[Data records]
[Start of section]
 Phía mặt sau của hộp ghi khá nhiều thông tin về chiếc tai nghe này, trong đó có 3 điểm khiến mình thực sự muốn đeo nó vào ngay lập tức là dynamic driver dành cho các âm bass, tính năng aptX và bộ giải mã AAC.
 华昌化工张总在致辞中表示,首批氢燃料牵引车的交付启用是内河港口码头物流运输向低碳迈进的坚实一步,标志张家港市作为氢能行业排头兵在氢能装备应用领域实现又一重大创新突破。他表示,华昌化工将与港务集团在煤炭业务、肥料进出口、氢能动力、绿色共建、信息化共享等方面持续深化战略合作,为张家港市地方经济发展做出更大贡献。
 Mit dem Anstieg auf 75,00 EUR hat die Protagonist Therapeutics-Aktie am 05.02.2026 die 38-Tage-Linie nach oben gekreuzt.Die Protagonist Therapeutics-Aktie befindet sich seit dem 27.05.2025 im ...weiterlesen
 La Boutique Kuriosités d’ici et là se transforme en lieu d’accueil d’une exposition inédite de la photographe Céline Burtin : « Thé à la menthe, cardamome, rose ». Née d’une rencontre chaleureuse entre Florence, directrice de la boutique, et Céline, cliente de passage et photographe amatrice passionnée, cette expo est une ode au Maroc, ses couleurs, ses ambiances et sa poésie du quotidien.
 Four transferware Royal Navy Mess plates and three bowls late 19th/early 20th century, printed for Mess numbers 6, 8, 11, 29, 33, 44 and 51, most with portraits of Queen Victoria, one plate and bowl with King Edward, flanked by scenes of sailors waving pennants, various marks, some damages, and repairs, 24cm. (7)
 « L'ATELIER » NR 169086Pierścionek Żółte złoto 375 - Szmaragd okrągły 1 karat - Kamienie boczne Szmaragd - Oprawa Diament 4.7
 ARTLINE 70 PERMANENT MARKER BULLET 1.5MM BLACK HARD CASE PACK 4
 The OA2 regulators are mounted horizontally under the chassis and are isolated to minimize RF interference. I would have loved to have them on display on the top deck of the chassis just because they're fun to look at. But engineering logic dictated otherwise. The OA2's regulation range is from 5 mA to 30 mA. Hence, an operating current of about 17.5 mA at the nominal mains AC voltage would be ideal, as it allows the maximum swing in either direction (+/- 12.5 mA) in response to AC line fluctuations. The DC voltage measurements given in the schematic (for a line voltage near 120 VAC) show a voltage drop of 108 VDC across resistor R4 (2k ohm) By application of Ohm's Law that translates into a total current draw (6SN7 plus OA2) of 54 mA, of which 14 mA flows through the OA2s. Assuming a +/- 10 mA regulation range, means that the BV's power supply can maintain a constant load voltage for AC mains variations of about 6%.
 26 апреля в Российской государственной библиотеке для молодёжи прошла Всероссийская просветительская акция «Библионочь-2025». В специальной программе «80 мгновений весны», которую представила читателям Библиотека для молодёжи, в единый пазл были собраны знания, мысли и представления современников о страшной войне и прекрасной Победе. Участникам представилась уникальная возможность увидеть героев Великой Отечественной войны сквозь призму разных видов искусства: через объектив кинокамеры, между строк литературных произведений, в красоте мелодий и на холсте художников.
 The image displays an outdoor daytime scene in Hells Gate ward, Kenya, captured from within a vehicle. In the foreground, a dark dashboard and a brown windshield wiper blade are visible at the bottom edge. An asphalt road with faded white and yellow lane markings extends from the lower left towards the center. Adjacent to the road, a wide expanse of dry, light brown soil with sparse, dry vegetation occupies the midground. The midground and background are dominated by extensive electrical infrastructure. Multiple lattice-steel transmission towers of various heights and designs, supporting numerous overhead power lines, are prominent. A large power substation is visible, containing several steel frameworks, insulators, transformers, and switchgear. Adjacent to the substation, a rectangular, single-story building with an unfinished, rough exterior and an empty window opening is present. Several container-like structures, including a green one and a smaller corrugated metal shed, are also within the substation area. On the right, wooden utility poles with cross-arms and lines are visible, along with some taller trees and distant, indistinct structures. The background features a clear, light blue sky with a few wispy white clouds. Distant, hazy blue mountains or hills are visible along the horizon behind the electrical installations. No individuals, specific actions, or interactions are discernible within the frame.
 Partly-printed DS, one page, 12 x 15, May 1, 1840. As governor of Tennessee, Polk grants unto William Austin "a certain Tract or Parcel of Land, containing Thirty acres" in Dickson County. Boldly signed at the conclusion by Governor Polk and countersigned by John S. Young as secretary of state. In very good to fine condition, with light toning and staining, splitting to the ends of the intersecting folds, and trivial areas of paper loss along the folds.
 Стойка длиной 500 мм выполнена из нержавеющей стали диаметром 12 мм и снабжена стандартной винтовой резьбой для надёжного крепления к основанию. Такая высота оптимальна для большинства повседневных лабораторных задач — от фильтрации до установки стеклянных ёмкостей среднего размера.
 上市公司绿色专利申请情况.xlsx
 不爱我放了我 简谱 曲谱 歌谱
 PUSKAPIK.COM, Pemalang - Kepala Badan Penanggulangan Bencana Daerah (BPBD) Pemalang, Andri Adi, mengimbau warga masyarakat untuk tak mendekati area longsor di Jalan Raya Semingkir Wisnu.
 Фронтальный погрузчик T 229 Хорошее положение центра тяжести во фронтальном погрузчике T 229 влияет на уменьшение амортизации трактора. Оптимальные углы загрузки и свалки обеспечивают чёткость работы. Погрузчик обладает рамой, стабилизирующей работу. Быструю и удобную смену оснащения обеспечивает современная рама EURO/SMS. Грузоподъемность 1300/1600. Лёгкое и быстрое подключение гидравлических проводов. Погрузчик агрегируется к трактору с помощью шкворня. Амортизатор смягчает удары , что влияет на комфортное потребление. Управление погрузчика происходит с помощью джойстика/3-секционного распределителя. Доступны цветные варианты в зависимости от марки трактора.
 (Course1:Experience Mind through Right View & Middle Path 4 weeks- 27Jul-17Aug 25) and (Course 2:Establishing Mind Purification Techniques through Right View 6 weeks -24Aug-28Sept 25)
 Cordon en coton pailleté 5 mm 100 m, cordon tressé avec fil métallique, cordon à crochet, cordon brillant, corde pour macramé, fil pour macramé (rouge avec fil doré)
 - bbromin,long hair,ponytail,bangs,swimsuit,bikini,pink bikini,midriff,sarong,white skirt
[End of section]
Task objective: Give back each record exactly, from the first line through the last.

Solution for this task:
 Phía mặt sau của hộp ghi khá nhiều thông tin về chiếc tai nghe này, trong đó có 3 điểm khiến mình thực sự muốn đeo nó vào ngay lập tức là dynamic driver dành cho các âm bass, tính năng aptX và bộ giải mã AAC.
 华昌化工张总在致辞中表示,首批氢燃料牵引车的交付启用是内河港口码头物流运输向低碳迈进的坚实一步,标志张家港市作为氢能行业排头兵在氢能装备应用领域实现又一重大创新突破。他表示,华昌化工将与港务集团在煤炭业务、肥料进出口、氢能动力、绿色共建、信息化共享等方面持续深化战略合作,为张家港市地方经济发展做出更大贡献。
 Mit dem Anstieg auf 75,00 EUR hat die Protagonist Therapeutics-Aktie am 05.02.2026 die 38-Tage-Linie nach oben gekreuzt.Die Protagonist Therapeutics-Aktie befindet sich seit dem 27.05.2025 im ...weiterlesen
 La Boutique Kuriosités d’ici et là se transforme en lieu d’accueil d’une exposition inédite de la photographe Céline Burtin : « Thé à la menthe, cardamome, rose ». Née d’une rencontre chaleureuse entre Florence, directrice de la boutique, et Céline, cliente de passage et photographe amatrice passionnée, cette expo est une ode au Maroc, ses couleurs, ses ambiances et sa poésie du quotidien.
 Four transferware Royal Navy Mess plates and three bowls late 19th/early 20th century, printed for Mess numbers 6, 8, 11, 29, 33, 44 and 51, most with portraits of Queen Victoria, one plate and bowl with King Edward, flanked by scenes of sailors waving pennants, various marks, some damages, and repairs, 24cm. (7)
 « L'ATELIER » NR 169086Pierścionek Żółte złoto 375 - Szmaragd okrągły 1 karat - Kamienie boczne Szmaragd - Oprawa Diament 4.7
 ARTLINE 70 PERMANENT MARKER BULLET 1.5MM BLACK HARD CASE PACK 4
 The OA2 regulators are mounted horizontally under the chassis and are isolated to minimize RF interference. I would have loved to have them on display on the top deck of the chassis just because they're fun to look at. But engineering logic dictated otherwise. The OA2's regulation range is from 5 mA to 30 mA. Hence, an operating current of about 17.5 mA at the nominal mains AC voltage would be ideal, as it allows the maximum swing in either direction (+/- 12.5 mA) in response to AC line fluctuations. The DC voltage measurements given in the schematic (for a line voltage near 120 VAC) show a voltage drop of 108 VDC across resistor R4 (2k ohm) By application of Ohm's Law that translates into a total current draw (6SN7 plus OA2) of 54 mA, of which 14 mA flows through the OA2s. Assuming a +/- 10 mA regulation range, means that the BV's power supply can maintain a constant load voltage for AC mains variations of about 6%.
 26 апреля в Российской государственной библиотеке для молодёжи прошла Всероссийская просветительская акция «Библионочь-2025». В специальной программе «80 мгновений весны», которую представила читателям Библиотека для молодёжи, в единый пазл были собраны знания, мысли и представления современников о страшной войне и прекрасной Победе. Участникам представилась уникальная возможность увидеть героев Великой Отечественной войны сквозь призму разных видов искусства: через объектив кинокамеры, между строк литературных произведений, в красоте мелодий и на холсте художников.
 The image displays an outdoor daytime scene in Hells Gate ward, Kenya, captured from within a vehicle. In the foreground, a dark dashboard and a brown windshield wiper blade are visible at the bottom edge. An asphalt road with faded white and yellow lane markings extends from the lower left towards the center. Adjacent to the road, a wide expanse of dry, light brown soil with sparse, dry vegetation occupies the midground. The midground and background are dominated by extensive electrical infrastructure. Multiple lattice-steel transmission towers of various heights and designs, supporting numerous overhead power lines, are prominent. A large power substation is visible, containing several steel frameworks, insulators, transformers, and switchgear. Adjacent to the substation, a rectangular, single-story building with an unfinished, rough exterior and an empty window opening is present. Several container-like structures, including a green one and a smaller corrugated metal shed, are also within the substation area. On the right, wooden utility poles with cross-arms and lines are visible, along with some taller trees and distant, indistinct structures. The background features a clear, light blue sky with a few wispy white clouds. Distant, hazy blue mountains or hills are visible along the horizon behind the electrical installations. No individuals, specific actions, or interactions are discernible within the frame.
 Partly-printed DS, one page, 12 x 15, May 1, 1840. As governor of Tennessee, Polk grants unto William Austin "a certain Tract or Parcel of Land, containing Thirty acres" in Dickson County. Boldly signed at the conclusion by Governor Polk and countersigned by John S. Young as secretary of state. In very good to fine condition, with light toning and staining, splitting to the ends of the intersecting folds, and trivial areas of paper loss along the folds.
 Стойка длиной 500 мм выполнена из нержавеющей стали диаметром 12 мм и снабжена стандартной винтовой резьбой для надёжного крепления к основанию. Такая высота оптимальна для большинства повседневных лабораторных задач — от фильтрации до установки стеклянных ёмкостей среднего размера.
 上市公司绿色专利申请情况.xlsx
 不爱我放了我 简谱 曲谱 歌谱
 PUSKAPIK.COM, Pemalang - Kepala Badan Penanggulangan Bencana Daerah (BPBD) Pemalang, Andri Adi, mengimbau warga masyarakat untuk tak mendekati area longsor di Jalan Raya Semingkir Wisnu.
 Фронтальный погрузчик T 229 Хорошее положение центра тяжести во фронтальном погрузчике T 229 влияет на уменьшение амортизации трактора. Оптимальные углы загрузки и свалки обеспечивают чёткость работы. Погрузчик обладает рамой, стабилизирующей работу. Быструю и удобную смену оснащения обеспечивает современная рама EURO/SMS. Грузоподъемность 1300/1600. Лёгкое и быстрое подключение гидравлических проводов. Погрузчик агрегируется к трактору с помощью шкворня. Амортизатор смягчает удары , что влияет на комфортное потребление. Управление погрузчика происходит с помощью джойстика/3-секционного распределителя. Доступны цветные варианты в зависимости от марки трактора.
 (Course1:Experience Mind through Right View & Middle Path 4 weeks- 27Jul-17Aug 25) and (Course 2:Establishing Mind Purification Techniques through Right View 6 weeks -24Aug-28Sept 25)
 Cordon en coton pailleté 5 mm 100 m, cordon tressé avec fil métallique, cordon à crochet, cordon brillant, corde pour macramé, fil pour macramé (rouge avec fil doré)
 - bbromin,long hair,ponytail,bangs,swimsuit,bikini,pink bikini,midriff,sarong,white skirt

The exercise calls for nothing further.